◆ Exercise goal
Directions for the data below: repeat exactly the lines from the one with "Retro Large Area" through the one with "la salud cardiovascular.", both included, and omit all pictures.

◆ Provided data
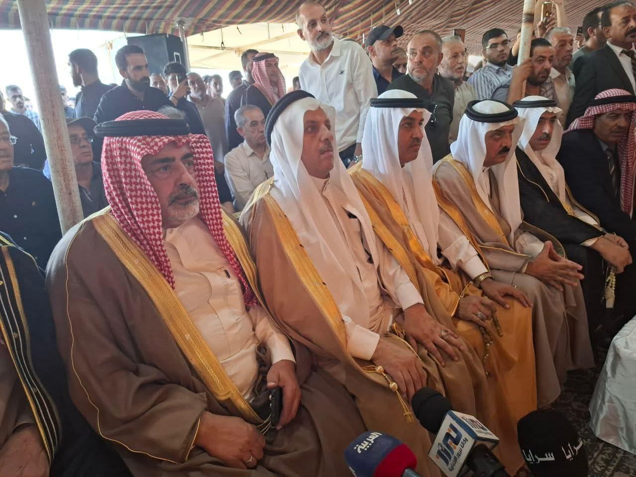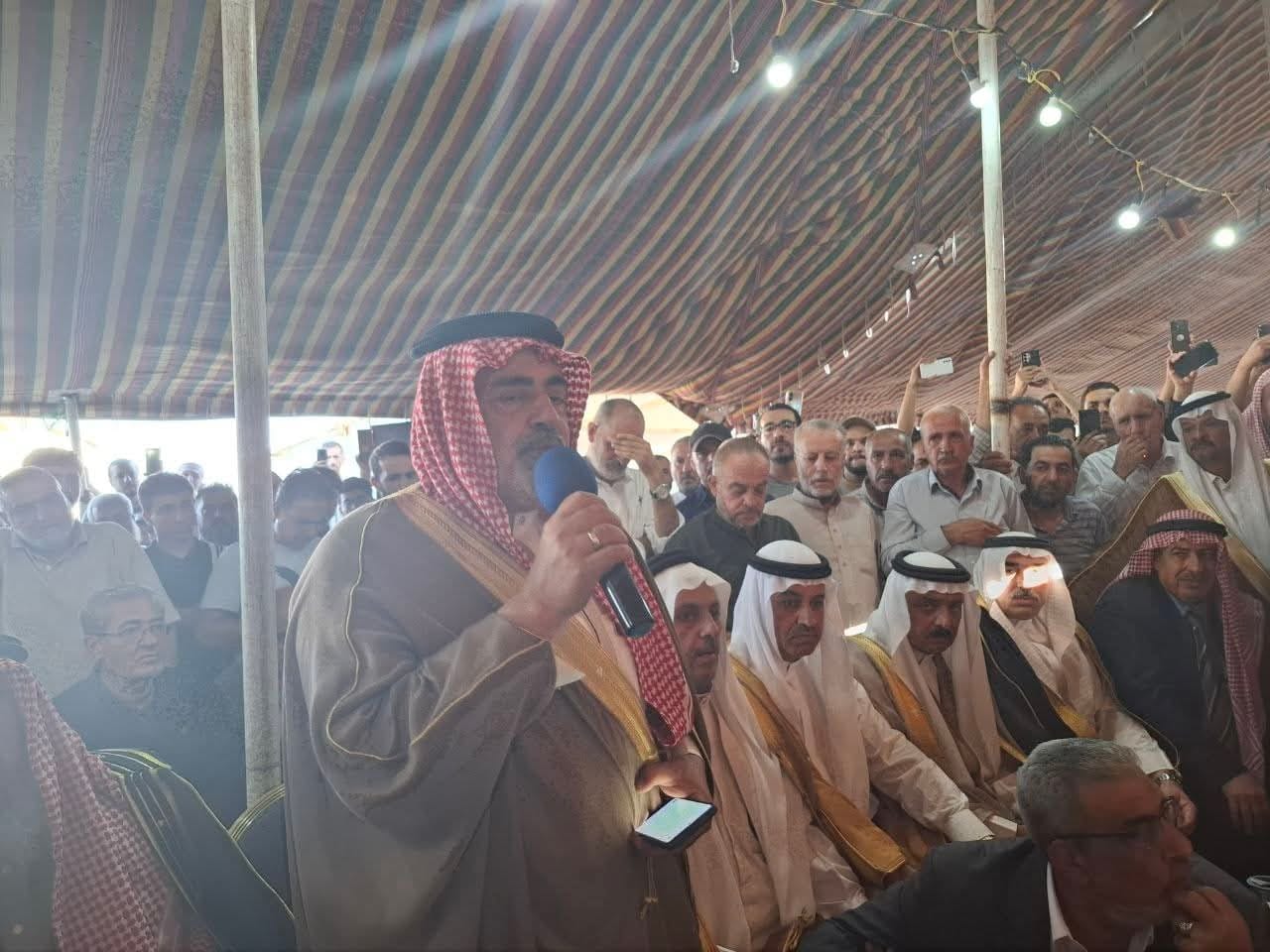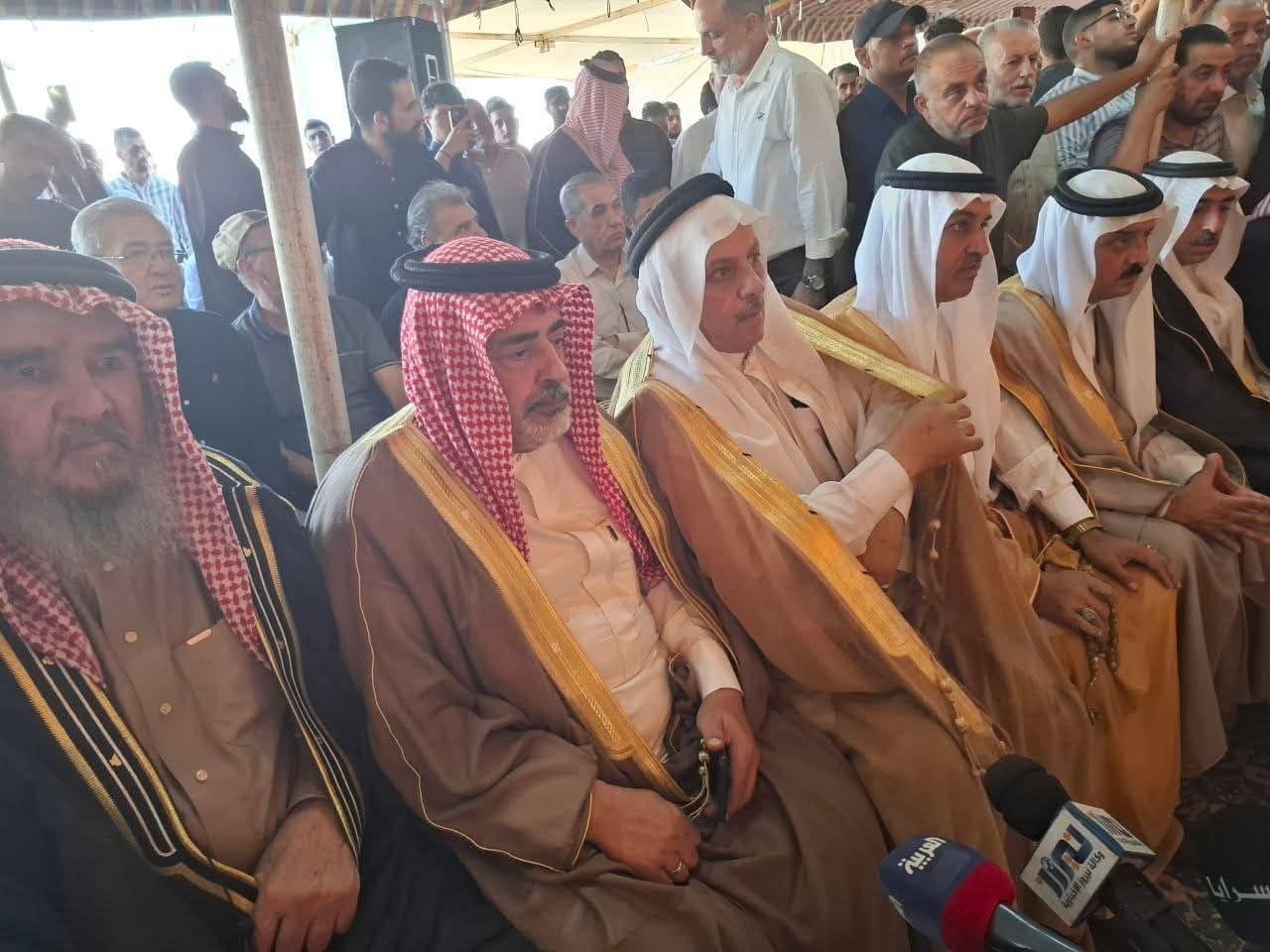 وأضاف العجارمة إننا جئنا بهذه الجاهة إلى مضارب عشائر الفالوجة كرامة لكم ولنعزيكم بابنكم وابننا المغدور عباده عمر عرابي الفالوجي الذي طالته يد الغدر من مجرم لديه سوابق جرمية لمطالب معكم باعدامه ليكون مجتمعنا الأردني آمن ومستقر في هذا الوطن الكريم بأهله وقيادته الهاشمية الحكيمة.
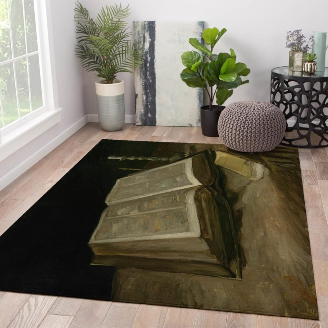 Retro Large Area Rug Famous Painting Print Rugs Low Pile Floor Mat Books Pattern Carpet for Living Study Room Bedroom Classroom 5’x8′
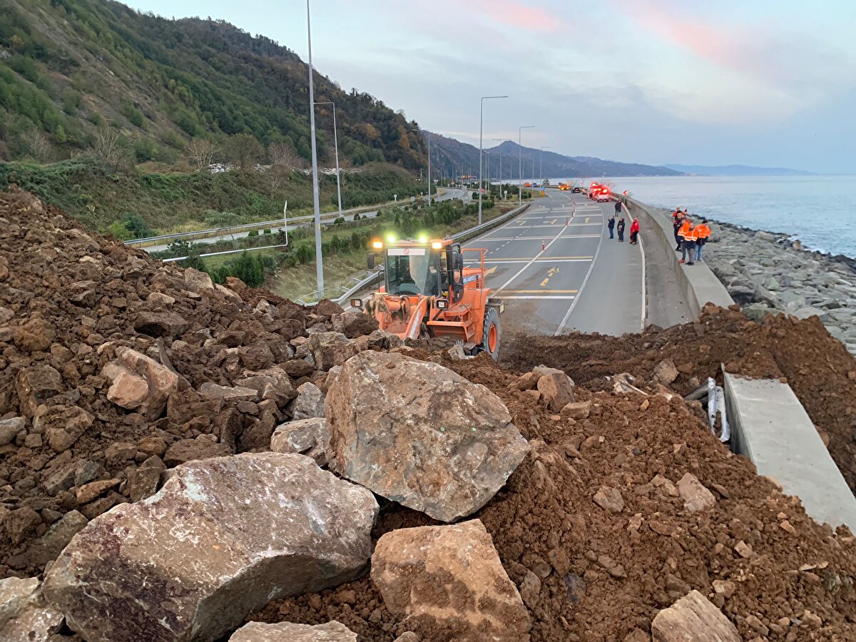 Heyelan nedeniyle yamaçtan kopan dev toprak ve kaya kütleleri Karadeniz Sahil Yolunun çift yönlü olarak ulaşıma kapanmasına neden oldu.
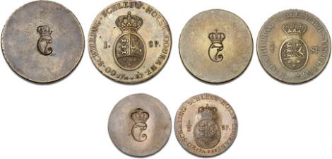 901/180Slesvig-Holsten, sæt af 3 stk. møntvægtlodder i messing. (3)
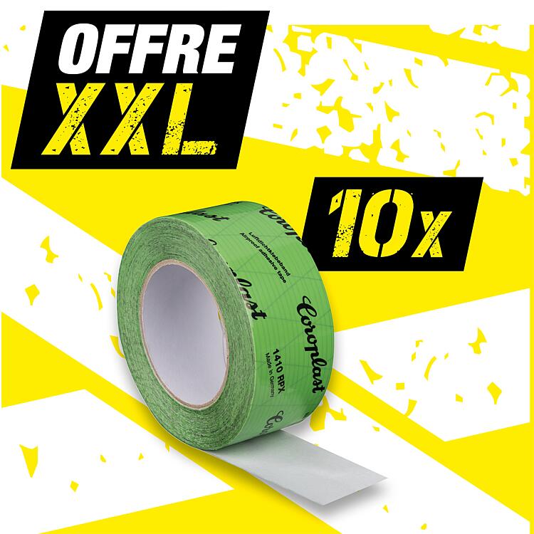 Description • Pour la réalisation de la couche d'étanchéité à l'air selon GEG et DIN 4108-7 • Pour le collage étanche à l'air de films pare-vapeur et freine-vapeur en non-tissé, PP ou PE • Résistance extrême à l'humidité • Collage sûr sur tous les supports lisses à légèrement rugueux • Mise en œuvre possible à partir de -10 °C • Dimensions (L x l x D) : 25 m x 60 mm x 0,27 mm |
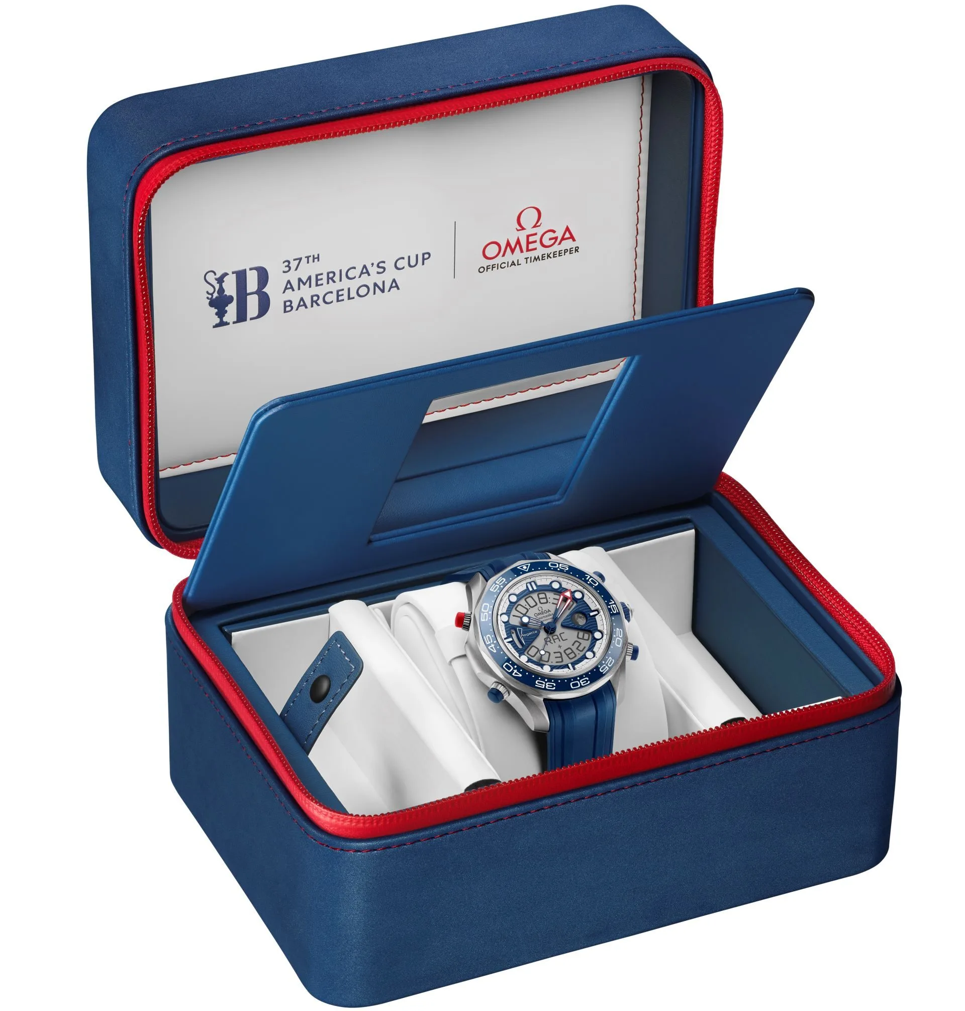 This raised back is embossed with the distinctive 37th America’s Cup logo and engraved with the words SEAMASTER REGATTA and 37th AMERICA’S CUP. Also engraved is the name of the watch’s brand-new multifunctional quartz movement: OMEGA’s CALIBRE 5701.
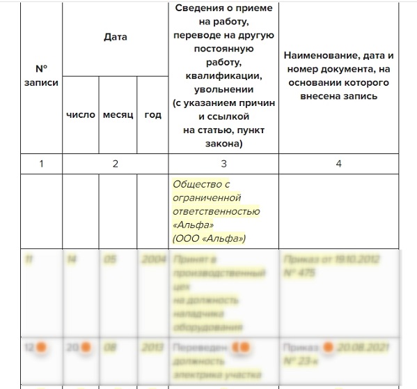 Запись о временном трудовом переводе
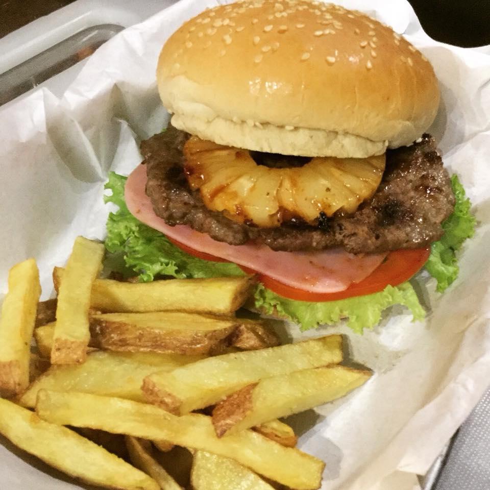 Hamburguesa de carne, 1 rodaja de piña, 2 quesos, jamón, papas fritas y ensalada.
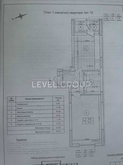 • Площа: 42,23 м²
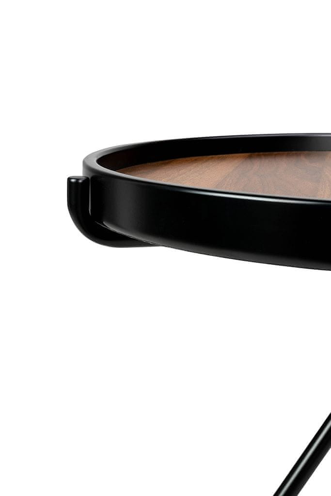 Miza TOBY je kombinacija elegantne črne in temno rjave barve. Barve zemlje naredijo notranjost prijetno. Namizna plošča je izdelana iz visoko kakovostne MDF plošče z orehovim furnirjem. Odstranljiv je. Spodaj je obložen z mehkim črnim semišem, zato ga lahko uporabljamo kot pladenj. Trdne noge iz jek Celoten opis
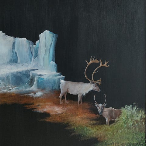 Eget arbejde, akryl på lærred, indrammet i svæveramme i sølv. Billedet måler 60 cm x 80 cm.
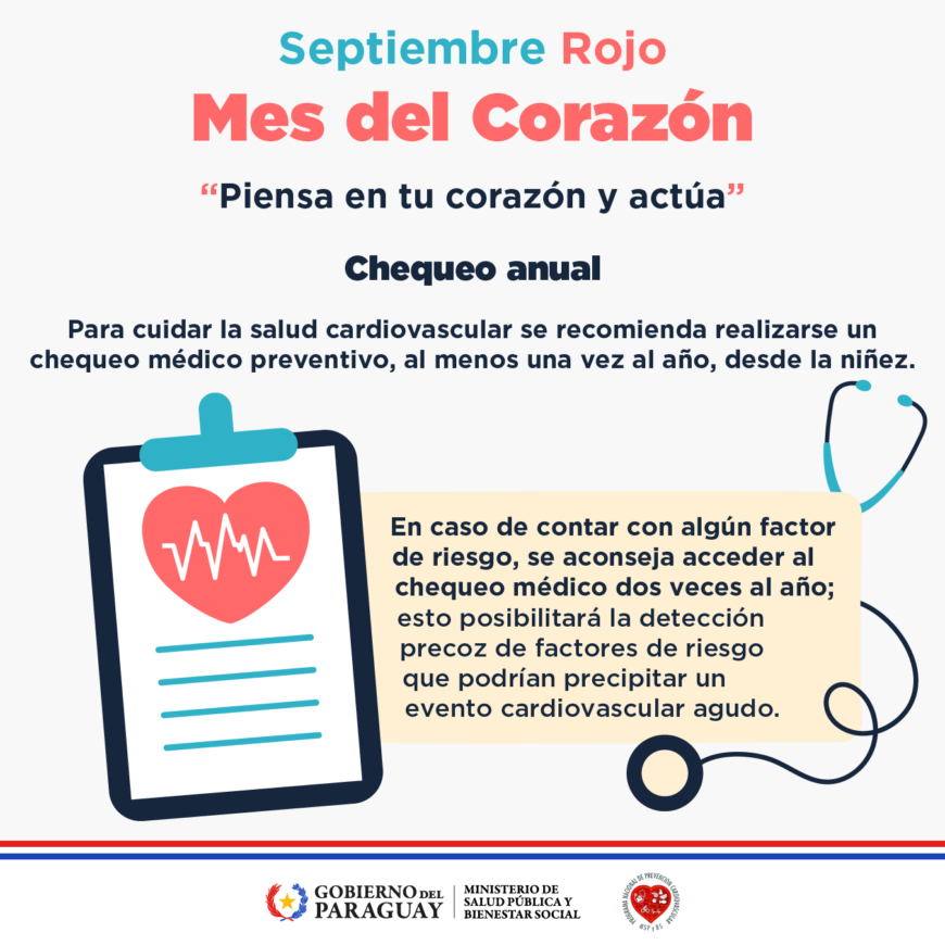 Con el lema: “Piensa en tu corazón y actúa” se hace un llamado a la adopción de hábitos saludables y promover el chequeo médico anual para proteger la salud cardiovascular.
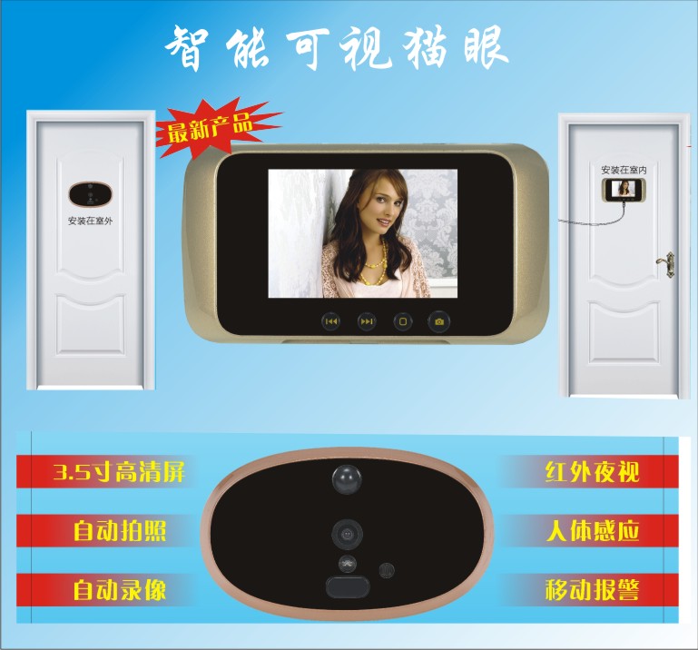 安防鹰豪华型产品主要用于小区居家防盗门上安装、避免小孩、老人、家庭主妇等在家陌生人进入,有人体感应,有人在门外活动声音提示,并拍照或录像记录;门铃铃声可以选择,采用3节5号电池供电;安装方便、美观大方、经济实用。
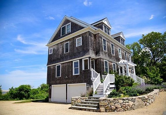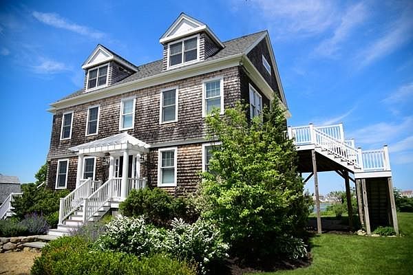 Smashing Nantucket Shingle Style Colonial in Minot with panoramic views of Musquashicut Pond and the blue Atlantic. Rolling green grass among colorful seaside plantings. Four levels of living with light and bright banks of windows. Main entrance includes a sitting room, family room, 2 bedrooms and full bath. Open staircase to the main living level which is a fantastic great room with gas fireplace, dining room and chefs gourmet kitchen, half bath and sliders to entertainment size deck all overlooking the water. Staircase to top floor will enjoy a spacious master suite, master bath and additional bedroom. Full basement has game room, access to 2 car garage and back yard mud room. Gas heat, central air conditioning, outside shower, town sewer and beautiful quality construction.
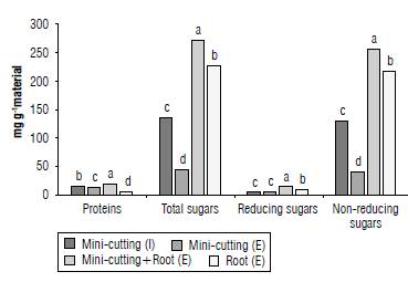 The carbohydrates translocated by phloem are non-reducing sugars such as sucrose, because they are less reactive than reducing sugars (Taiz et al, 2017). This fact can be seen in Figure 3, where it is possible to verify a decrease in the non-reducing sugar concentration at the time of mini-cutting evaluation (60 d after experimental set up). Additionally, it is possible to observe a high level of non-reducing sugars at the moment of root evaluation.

◆ Task answer
 Retro Large Area Rug Famous Painting Print Rugs Low Pile Floor Mat Books Pattern Carpet for Living Study Room Bedroom Classroom 5’x8′
 Heyelan nedeniyle yamaçtan kopan dev toprak ve kaya kütleleri Karadeniz Sahil Yolunun çift yönlü olarak ulaşıma kapanmasına neden oldu.
 901/180Slesvig-Holsten, sæt af 3 stk. møntvægtlodder i messing. (3)
 Description • Pour la réalisation de la couche d'étanchéité à l'air selon GEG et DIN 4108-7 • Pour le collage étanche à l'air de films pare-vapeur et freine-vapeur en non-tissé, PP ou PE • Résistance extrême à l'humidité • Collage sûr sur tous les supports lisses à légèrement rugueux • Mise en œuvre possible à partir de -10 °C • Dimensions (L x l x D) : 25 m x 60 mm x 0,27 mm |
 This raised back is embossed with the distinctive 37th America’s Cup logo and engraved with the words SEAMASTER REGATTA and 37th AMERICA’S CUP. Also engraved is the name of the watch’s brand-new multifunctional quartz movement: OMEGA’s CALIBRE 5701.
 Запись о временном трудовом переводе
 Hamburguesa de carne, 1 rodaja de piña, 2 quesos, jamón, papas fritas y ensalada.
 • Площа: 42,23 м²
 Miza TOBY je kombinacija elegantne črne in temno rjave barve. Barve zemlje naredijo notranjost prijetno. Namizna plošča je izdelana iz visoko kakovostne MDF plošče z orehovim furnirjem. Odstranljiv je. Spodaj je obložen z mehkim črnim semišem, zato ga lahko uporabljamo kot pladenj. Trdne noge iz jek Celoten opis
 Eget arbejde, akryl på lærred, indrammet i svæveramme i sølv. Billedet måler 60 cm x 80 cm.
 Con el lema: “Piensa en tu corazón y actúa” se hace un llamado a la adopción de hábitos saludables y promover el chequeo médico anual para proteger la salud cardiovascular.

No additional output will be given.